Omit the images. Restate all of the records word for word.

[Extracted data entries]
┏━━

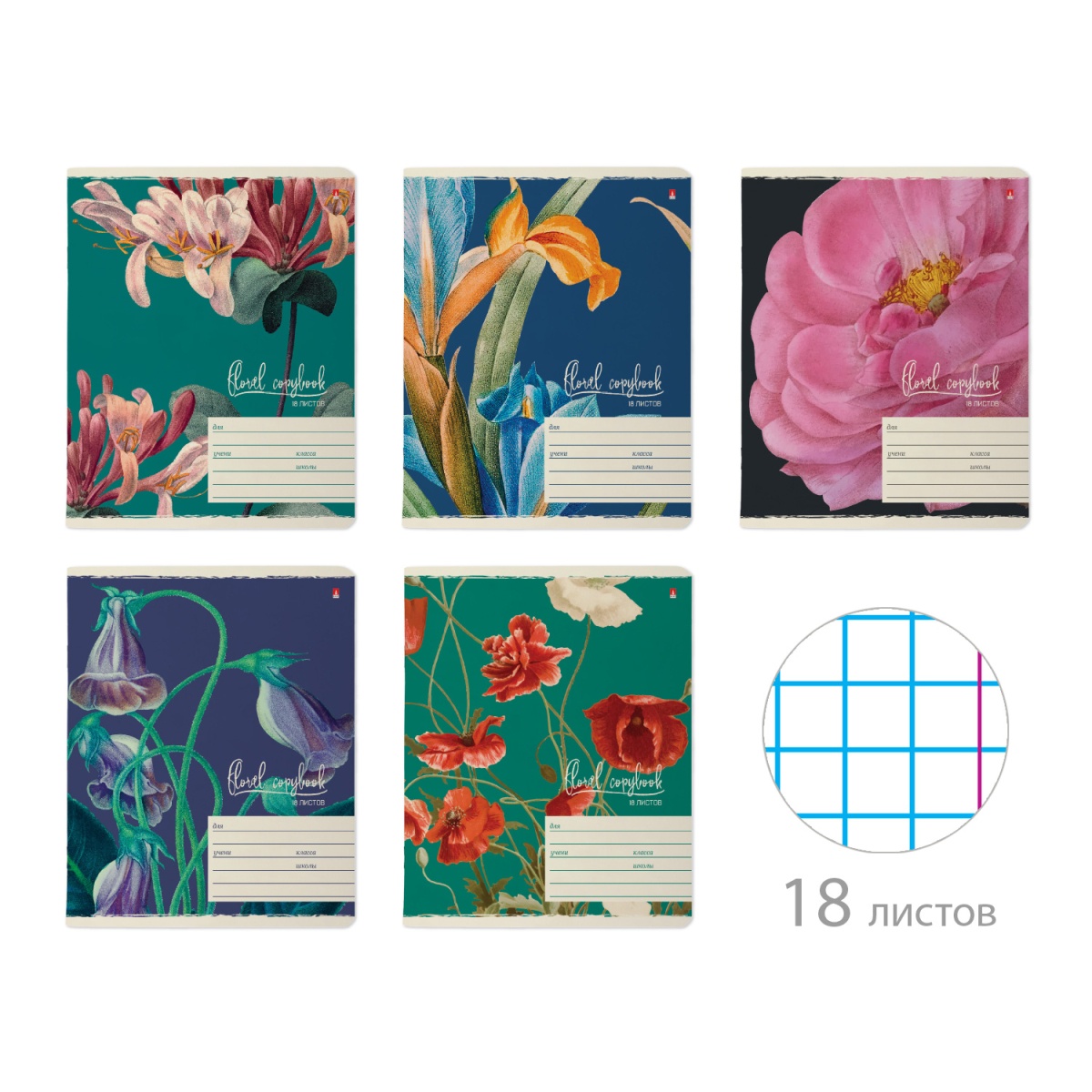 Красота цветочного орнамента получила пять разноплановых воплощений на полноцветных обложках, напоминающих акварельные рисунки. На внешней стороне обложки находится поле для персональных данных школьника. Блок фиксируется скрепками. В качестве бумаги используется высококачественный офсет плотностью не меньше 60 грамм. Блок содержит 18 листов в клетку. Линовка и поля совпадают с лицевой и оборотной сторонами листа. Поля размечены красным цветом. Скругленная форма уголков обложки снижает риск залома. Для ребенка такие яркие канцтовары станут дополнительной мотивацией прилежно учиться.
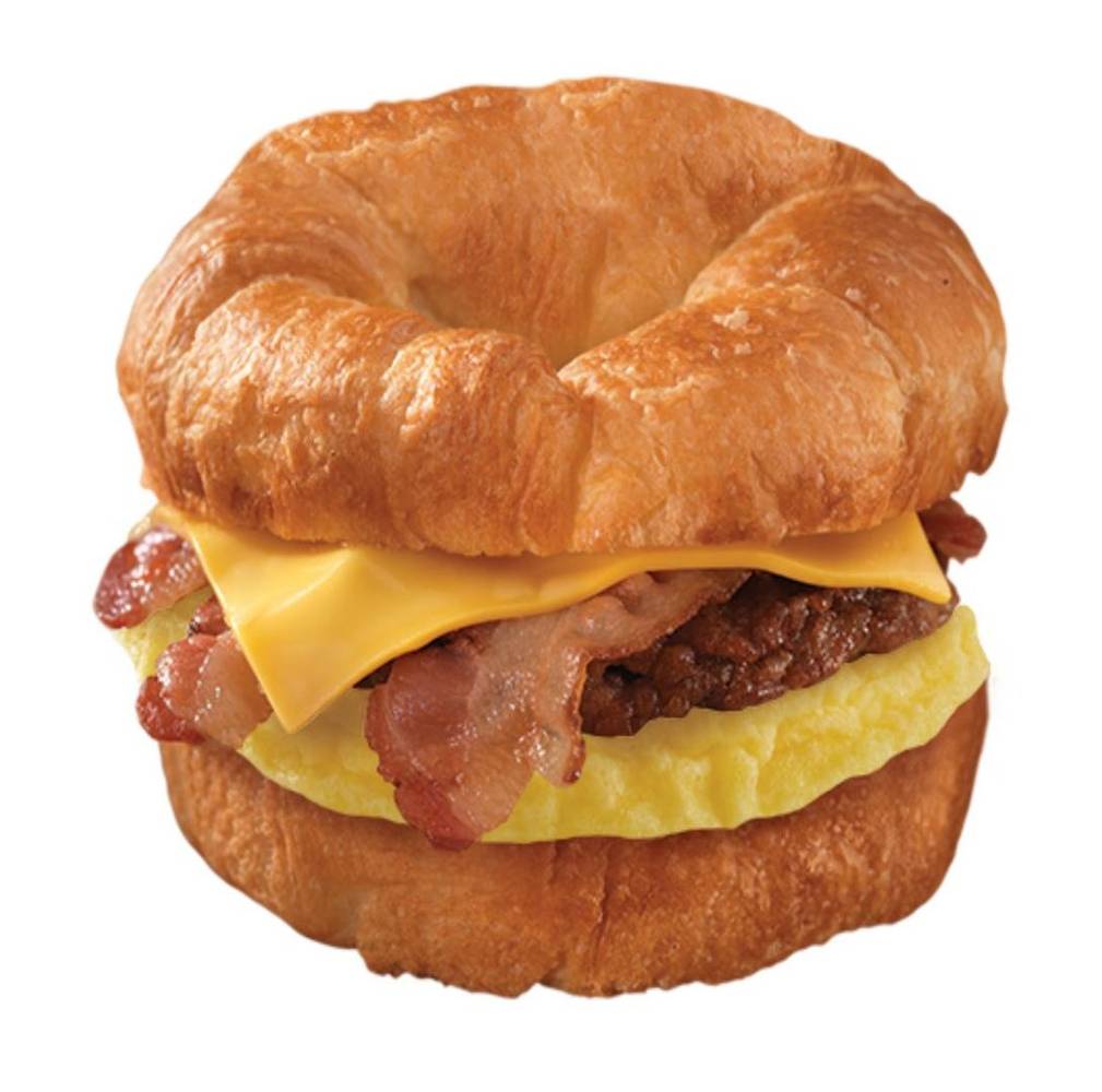 Crispy bacon, zesty sausage, scrambled egg patty, and American cheese inside a warm flaky croissant.
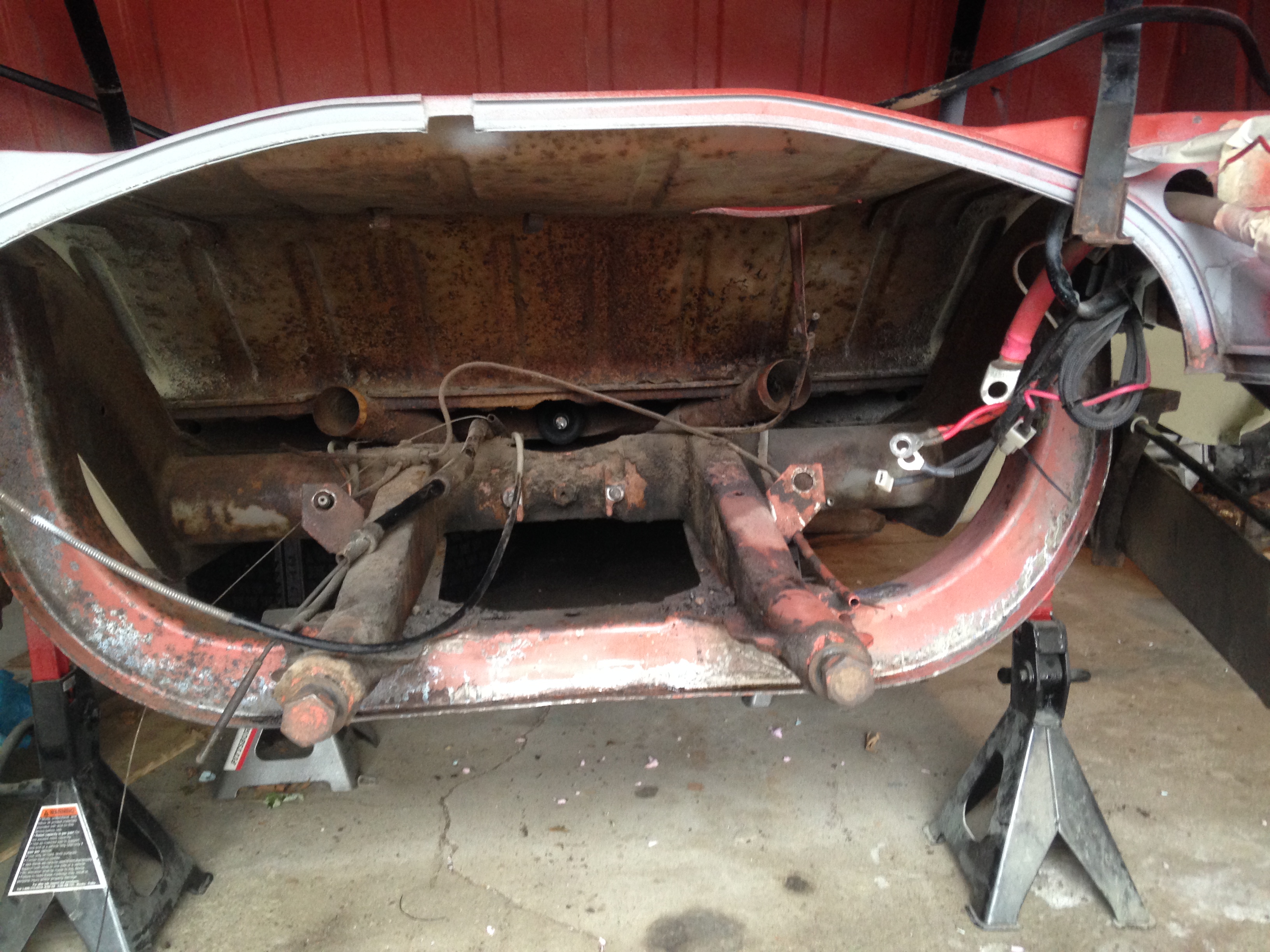 The original engine has been removed so I can clean and prepare for the new engine install. While I was cleaning I realized there was a lot of dirt under the gas tank. So I took that out. Then while I was cleaning the underside I realized I couldn't quite get to all of the spots under and behind there, so the transmission came out. I will be cleaning that too.
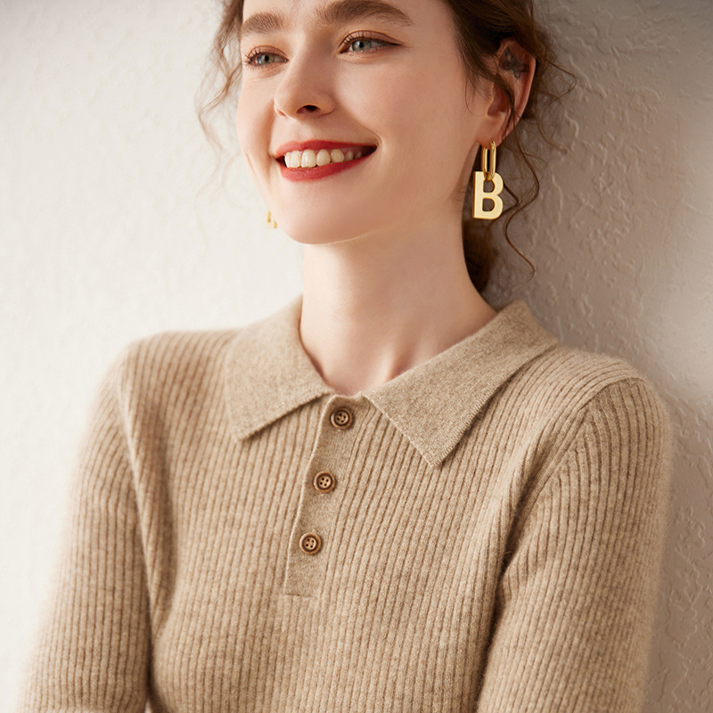 カシミヤのセーターの女性のプルオーバーのシャツの襟のニットの修身の短いプルオーバーのセーターのPoIoの襟はカシミヤの底のシャツを引き出します。
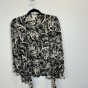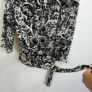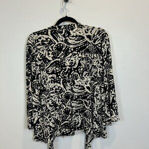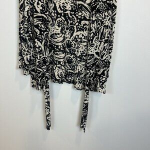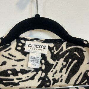 Chico's Travelers Size 2 Large tie Front Slinky Cardigan Top Black white Stretch
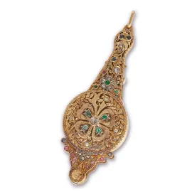 in oro 18kt e argento, lavorata a traforo e realizzata a forma di tralci fioriti, impreziosita da pietre di colore e sintetiche taglio rotondo e fantasia, e da diamanti taglio a rosa, meccanismo a per la fuoriuscita delle lenti, dim. cm 4x11,5, gr. 80

┗━━

- _Response below_
 Красота цветочного орнамента получила пять разноплановых воплощений на полноцветных обложках, напоминающих акварельные рисунки. На внешней стороне обложки находится поле для персональных данных школьника. Блок фиксируется скрепками. В качестве бумаги используется высококачественный офсет плотностью не меньше 60 грамм. Блок содержит 18 листов в клетку. Линовка и поля совпадают с лицевой и оборотной сторонами листа. Поля размечены красным цветом. Скругленная форма уголков обложки снижает риск залома. Для ребенка такие яркие канцтовары станут дополнительной мотивацией прилежно учиться.
 Crispy bacon, zesty sausage, scrambled egg patty, and American cheese inside a warm flaky croissant.
 The original engine has been removed so I can clean and prepare for the new engine install. While I was cleaning I realized there was a lot of dirt under the gas tank. So I took that out. Then while I was cleaning the underside I realized I couldn't quite get to all of the spots under and behind there, so the transmission came out. I will be cleaning that too.
 カシミヤのセーターの女性のプルオーバーのシャツの襟のニットの修身の短いプルオーバーのセーターのPoIoの襟はカシミヤの底のシャツを引き出します。
 Chico's Travelers Size 2 Large tie Front Slinky Cardigan Top Black white Stretch
 in oro 18kt e argento, lavorata a traforo e realizzata a forma di tralci fioriti, impreziosita da pietre di colore e sintetiche taglio rotondo e fantasia, e da diamanti taglio a rosa, meccanismo a per la fuoriuscita delle lenti, dim. cm 4x11,5, gr. 80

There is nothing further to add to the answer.